An important feature of totalitarian power was the coalescence of party and state bodies - the party completely controlled the legislative activity and the court, and the party itself was kept in the gauntlet only one person. In total, Stalin conducted several waves of internal purges. At different times, they concentrated on party or military personnel, but ordinary citizens also got it.

Stalinist socialism

Purges in the party and army

Repressions were carried out with the help of several times changing the name of special services (OGPU-NKVD-MGB). The state began to control all spheres of social activity and life, from sports and art to ideology. To create a “single line”, Stalin consistently cracked down on all his opponents within the party. These were the Bolsheviks of the older generation, who knew the Secretary General as an illegal revolutionary. People like Kamenev, Zinoviev, Bukharin (“Lenin’s Guard”), all of them became victims of show trials at which they were publicly recognized as traitors to the motherland.

The peak of repression against party cadres came in 1937-1938. Then there was a purge in the Red Army. Its entire command staff was destroyed. Stalin was afraid of the military, considering them a threat to his sole power. Not only the senior, but also the middle command suffered. Skilled professionals who had experience in the Civil War have virtually disappeared. All this negatively affected the army, which only a few years later had to enter its largest war.

Stalinist model of socialism

Pest and enemy control

The first show trials that thundered throughout the country took place in the late 1920s. Such were the Shakhty affair and the trial of the Industrial Party. During this period, technical and engineering specialists were repressed. Joseph Stalin, whose years of rule passed in a series of propaganda campaigns, was very fond of loud cliches and labels. From its submission, such terms and symbols of the era as “pests”, “enemies of the people”, “cosmopolitans” appeared.

The year 1934 became a turning point for repression. Prior to this, the state terrorized the population, and now it has taken on the iconic members of the party. That year the 17th Congress passed, which became known as the "Congress of the Shot". At it, a vote was taken for the new Secretary General. Stalin was re-elected, but many did not support his candidacy. Everyone considered Sergei Kirov an important figure in the congress. A few months later he was shot dead by an unbalanced party worker Nikolayev in Smolny. Stalin used the figure of the deceased Kirov, making her a sacred symbol. A campaign was announced against traitors and conspirators, who, as propaganda explained, had killed an important party member and were about to ruin it.

High-profile political labels appeared: White Guards, Zinovievites, Trotskyists. Intelligence agents "uncovered" new secret organizations that tried to harm the country and the party. Anti-Soviet activity was also attributed to random people who, by coincidence, fell under the rink of a totalitarian machine. In the most terrible years of terror, the NKVD approved the standards for the number of executed and convicted, which local authorities had to carefully implement. Repressions were carried out under the slogans of the class struggle (the thesis was put forward that the more successful the construction of socialism is, the more acute the class struggle will become).

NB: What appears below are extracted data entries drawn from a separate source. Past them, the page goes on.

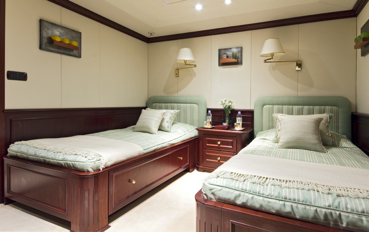 The yacht can accommodate 12 guests in 6 cabins with 4 Double and 2 Twin beds. Being quite large at 51.25m (168' ft) in length and having been refitted in 2010 she offers very good value.
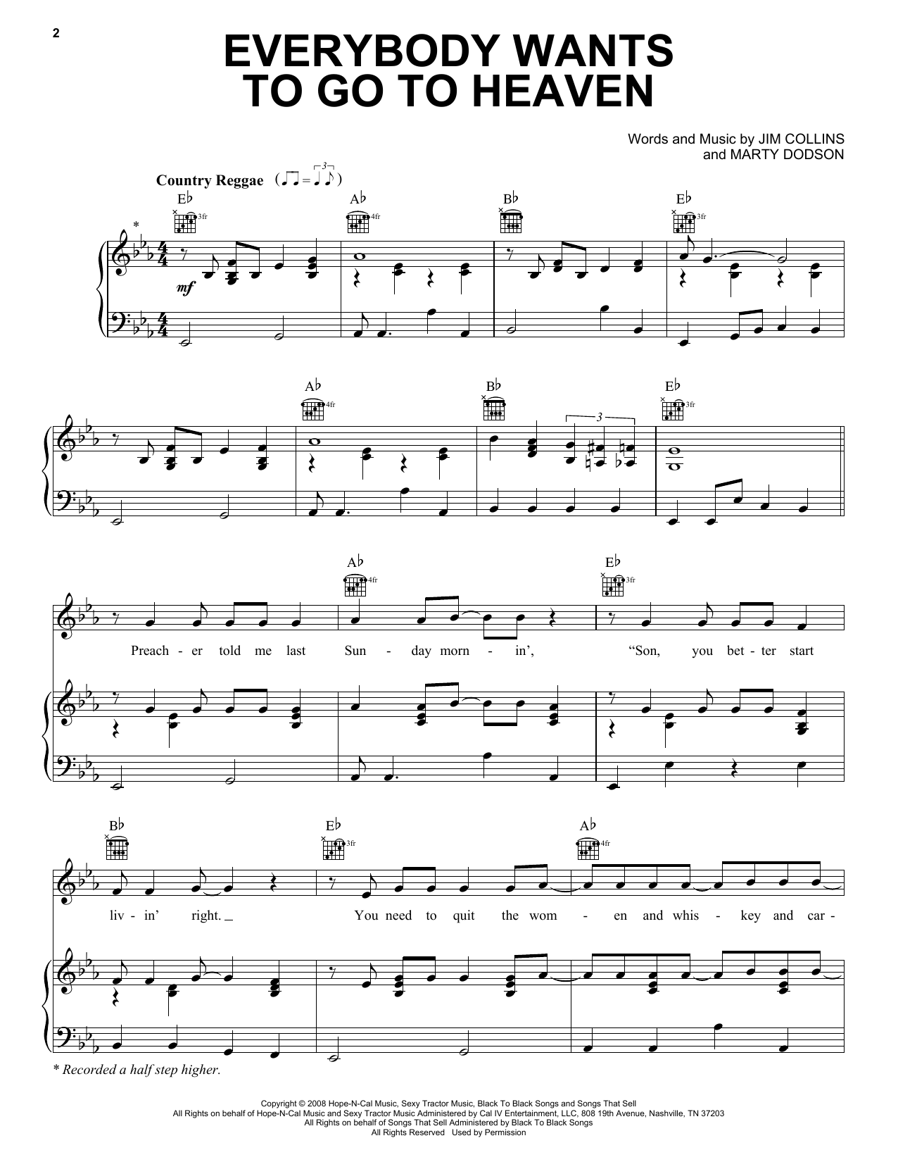 Download or print Kenny Chesney Everybody Wants To Go To Heaven sheet music, chords and digital score arranged for Piano, Vocal & Guitar Chords (Right-Hand Melody). This Country score includes 7 page(s).
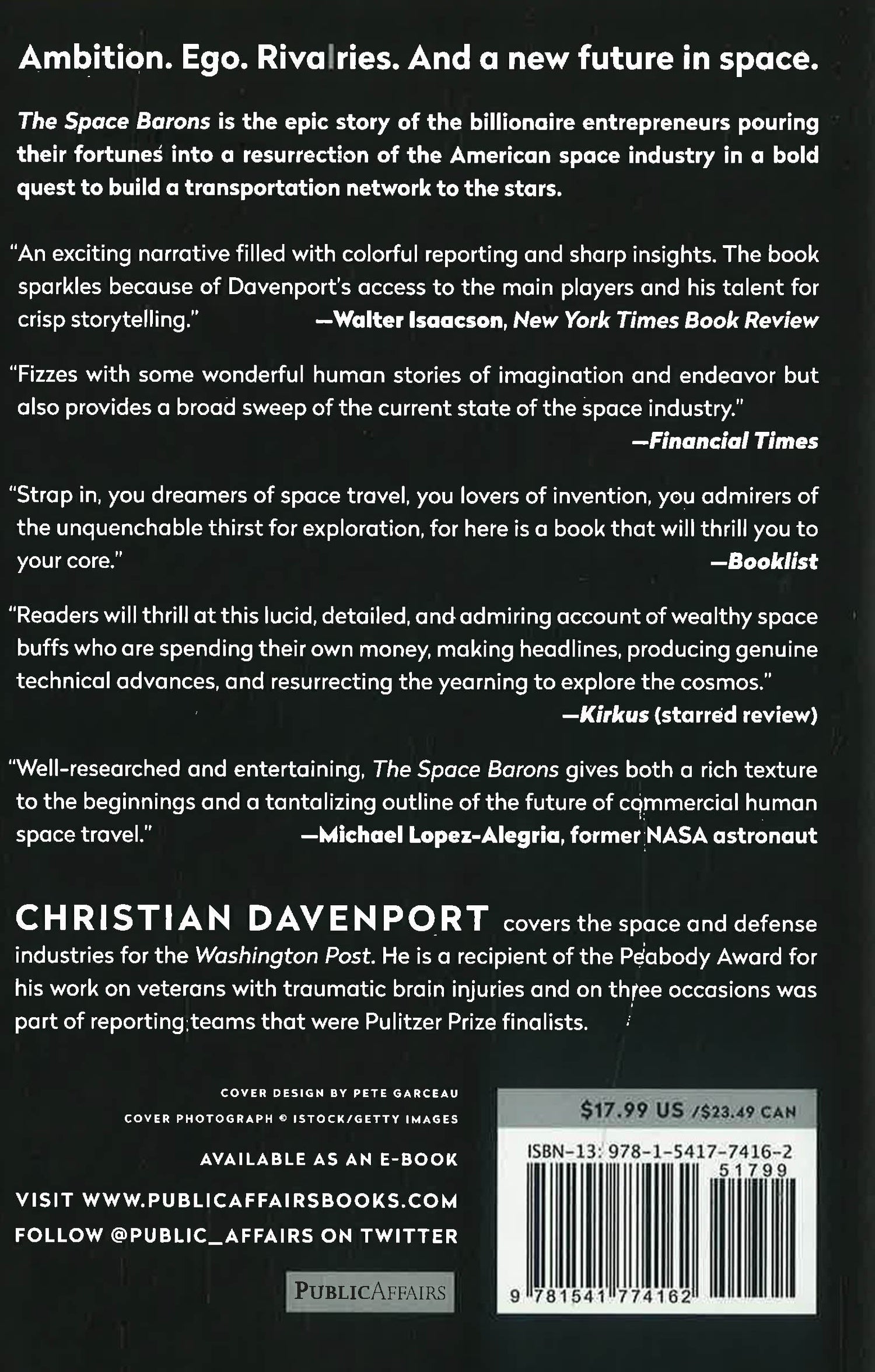 The Space Barons is the story of a group of billionaire entrepreneurs who are pouring their fortunes into the epic resurrection of the American space program. Nearly a half-century after Neil Armstrong walked on the moon, these Space Barons-most notably Elon Musk and Jeff Bezos, along with Richard Branson and Paul Allen-are using Silicon Valley-style innovation to dramatically lower the cost of space travel, and send humans even further than NASA has gone. These entrepreneurs have founded some of the biggest brands in the world-Amazon, Microsoft, Virgin, Tesla, PayPal-and upended industry after industry. Now they are pursuing the biggest disruption of all: space.Based on years of reporting and exclusive interviews with all four billionaires, this authoritative account is a dramatic tale of risk and high adventure, the birth of a new Space Age, fueled by some of the world's richest men as they struggle to end governments' monopoly on the cosmos. The Space Barons is also a story of rivalry-hard-charging startups warring with established contractors, and the personal clashes of the leaders of this new space movement, particularly Musk and Bezos, as they aim for the moon and Mars and beyond.

Stalin did not forget to carry out purges in the special services themselves, with whose hands numerous executions and courts were carried out. The NKVD survived several such campaigns. In the course of them, the most odious heads of this department, Yezhov and Yagoda, died. Also, the state did not take its eyes off the intelligentsia. These were writers, film and theater workers (Mandelstam, Babel, Meyerhold), and inventors, physicists and designers (Landau, Tupolev, Korolev).

Stalinist socialism ended with the death of the leader in 1953, followed by the Khrushchev thaw and Brezhnev's developed socialism. In the USSR, the assessment of those events varied depending on the situation. Khrushchev, who came to power at the XX Congress of the CPSU, condemned the personality cult of Stalin and his repression. Under Brezhnev, the official ideology was softer towards the figure of the leader.